Bow Tie Music is a lesson sharing platform built to inspire elementary school music teachers through an authentic, practical, and creative approach to music education. Everything you see here is intended to emphasize the belief that kids are awesome, music should be fun, and building a life-long appreciation of music within our students is the pinnacle of this great profession.
Hallo from Germany, I love your videos with all the great ideas making music with your pupils.👍🏼👍🏼👍🏼 I have a question: your tables of the xylophones and Glockenspiels, from where are they? Also studio 49? I can't find them here in german music centers
We love this song! i love the use of the drums as their steering - I am going to try this!

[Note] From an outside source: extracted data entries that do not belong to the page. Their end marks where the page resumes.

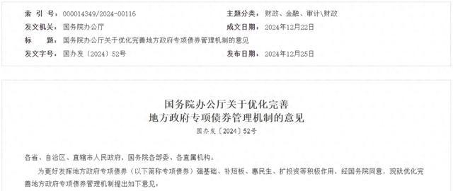12月25日,《中國銀行保險報》記者從中國政府網獲悉,國務院辦公廳近日印發《關于優化完善地方政府專項債券管理機制的意見》(以下簡稱《意見》)。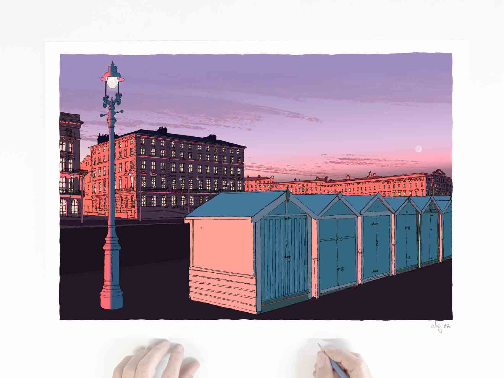 This print shows the quintessential Brighton and Hove beach huts with the background of Adelaide Crescent, one of the grandest open crescent that are so unique to Brighton . Building work started in 1830 to the design of Decimus Burton but was not finished until 1860. Together with the Kemp Town and Brunswick Town estates, the crescent is one of the foremost pre-Victorian residential developments in the Brighton area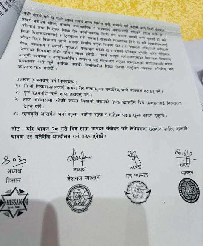हिसान, नेसनल प्याब्सन, एन प्याब्सन र प्याब्सनले आज संयुक्त विज्ञप्ति जारी गरी आफ्ना माग सम्बोधन नभए २९ गतेबाट आन्दोलन गर्ने चेतावनी दिएका हुन् । उनीहरुले निजी विद्यालयलाई क्रमशः गैरनाफामूलक बनाइने भन्ने वाक्यांश तत्काल हटाउन माग गरेका छन् ।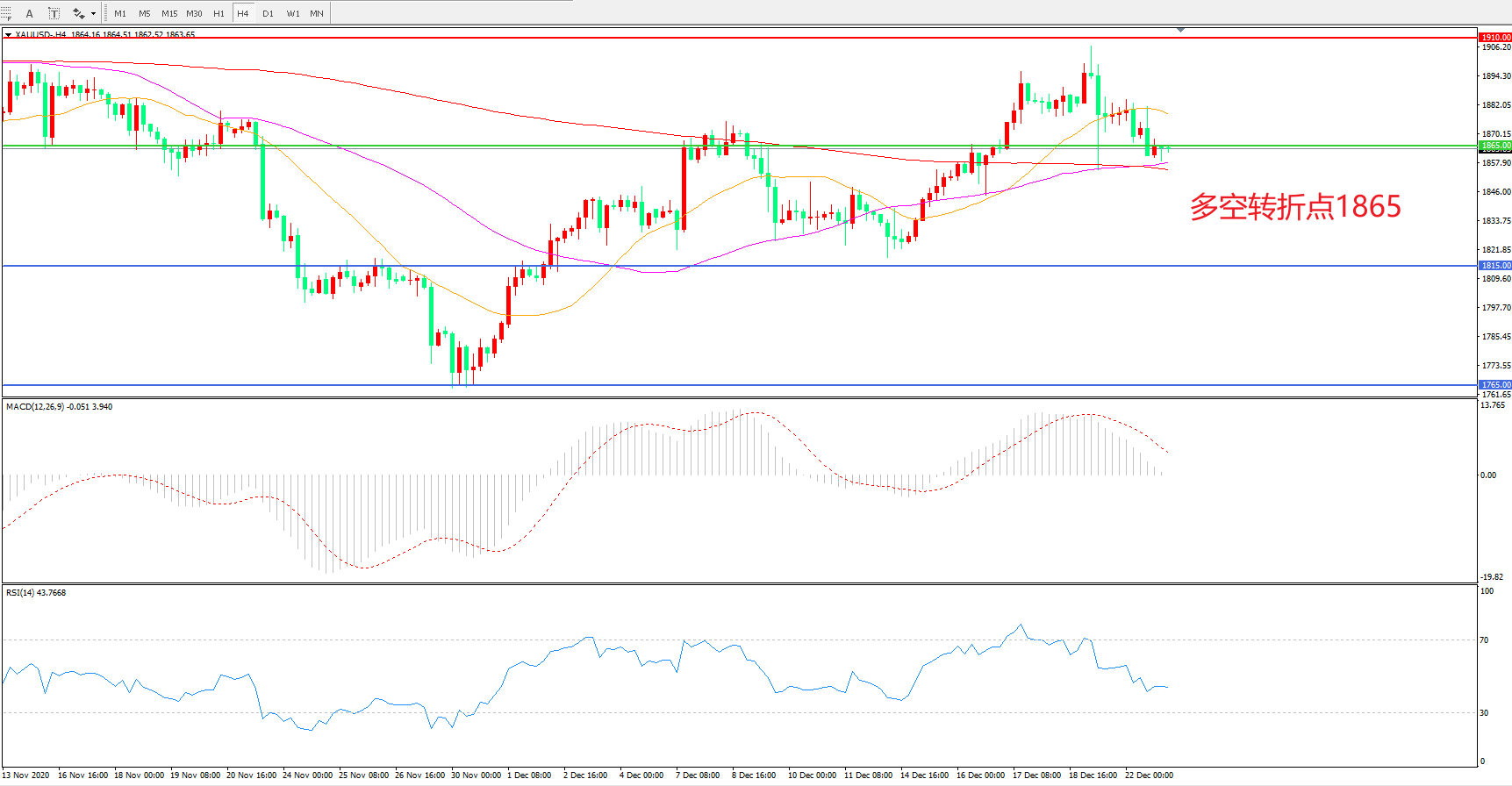 备选策略:在1865.00之下看跌,目标1815.00 1765.00

I expand it later on to ask for modes of transportation - we travel by helicopter, bicycle, roller blades, motorcycle, horse, etc and move to it accordingly. Or modes of movement, tip toe, stomp, slide, etc.
Why rush through like a machine assembly line? I wonder what would it take to just allow them the actually get in the zone experiment in their own time freely? Also to have the instrument child height- ergonomically speaking this looks sweet but very left brain instructional as opposed to immersive right brain experiential, which music is about for me at least…
We only had a limited time, and my goal for that time was to give every child a chance to explore on several different kinds of instruments. The assembly line approach was really just an efficient way to keep it moving for kids who have pretty short attention spans as it is :) Good point on instrument stand heights. Some are at their lowest heights already, but I could certainly lower others.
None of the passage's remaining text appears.